====== INFORMATION SHOWN ======

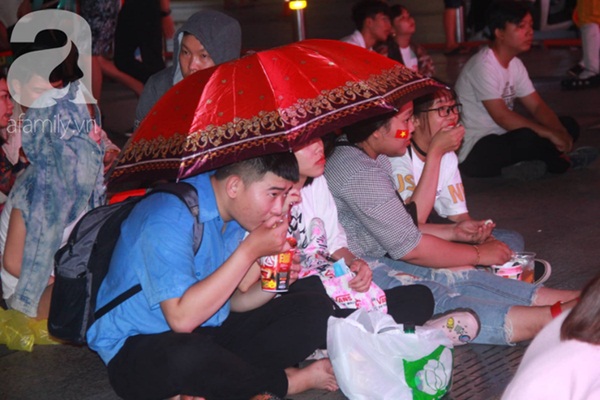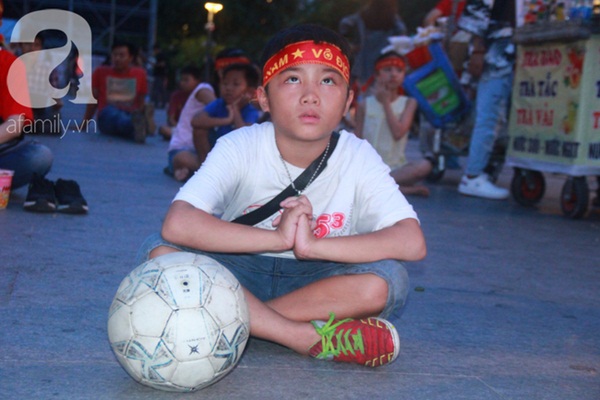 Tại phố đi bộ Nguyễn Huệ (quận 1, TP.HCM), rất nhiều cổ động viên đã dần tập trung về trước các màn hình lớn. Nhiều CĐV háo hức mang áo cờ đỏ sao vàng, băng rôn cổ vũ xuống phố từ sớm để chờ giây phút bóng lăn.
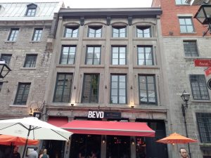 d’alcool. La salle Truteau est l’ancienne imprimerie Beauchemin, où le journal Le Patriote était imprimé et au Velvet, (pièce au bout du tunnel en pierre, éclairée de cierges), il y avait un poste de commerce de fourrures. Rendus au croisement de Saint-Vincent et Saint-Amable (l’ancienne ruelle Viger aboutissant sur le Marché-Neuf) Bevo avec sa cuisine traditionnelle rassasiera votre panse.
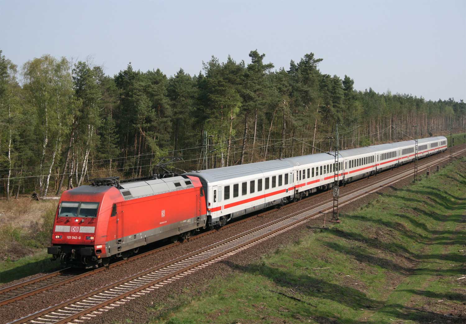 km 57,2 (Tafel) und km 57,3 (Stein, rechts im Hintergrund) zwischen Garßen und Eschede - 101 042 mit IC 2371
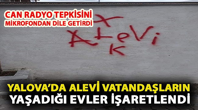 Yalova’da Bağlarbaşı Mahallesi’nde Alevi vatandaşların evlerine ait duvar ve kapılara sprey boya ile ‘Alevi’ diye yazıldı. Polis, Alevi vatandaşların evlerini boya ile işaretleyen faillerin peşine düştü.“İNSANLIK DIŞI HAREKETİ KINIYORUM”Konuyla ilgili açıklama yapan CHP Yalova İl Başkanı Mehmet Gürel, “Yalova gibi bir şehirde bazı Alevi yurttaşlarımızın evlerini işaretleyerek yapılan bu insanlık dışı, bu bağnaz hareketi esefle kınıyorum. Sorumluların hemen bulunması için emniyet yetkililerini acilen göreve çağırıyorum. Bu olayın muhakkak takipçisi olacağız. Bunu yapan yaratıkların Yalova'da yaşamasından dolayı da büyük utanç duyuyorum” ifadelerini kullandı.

======

— WHAT YOU ARE ASKED TO DO —
The span to retype runs from the line containing "km 57,2 (Tafel)" through the last line of the listing above, both ends included; copy it exactly, without pictures.

— ANSWER TO THE PROBLEM —
 km 57,2 (Tafel) und km 57,3 (Stein, rechts im Hintergrund) zwischen Garßen und Eschede - 101 042 mit IC 2371
 Yalova’da Bağlarbaşı Mahallesi’nde Alevi vatandaşların evlerine ait duvar ve kapılara sprey boya ile ‘Alevi’ diye yazıldı. Polis, Alevi vatandaşların evlerini boya ile işaretleyen faillerin peşine düştü.“İNSANLIK DIŞI HAREKETİ KINIYORUM”Konuyla ilgili açıklama yapan CHP Yalova İl Başkanı Mehmet Gürel, “Yalova gibi bir şehirde bazı Alevi yurttaşlarımızın evlerini işaretleyerek yapılan bu insanlık dışı, bu bağnaz hareketi esefle kınıyorum. Sorumluların hemen bulunması için emniyet yetkililerini acilen göreve çağırıyorum. Bu olayın muhakkak takipçisi olacağız. Bunu yapan yaratıkların Yalova'da yaşamasından dolayı da büyük utanç duyuyorum” ifadelerini kullandı.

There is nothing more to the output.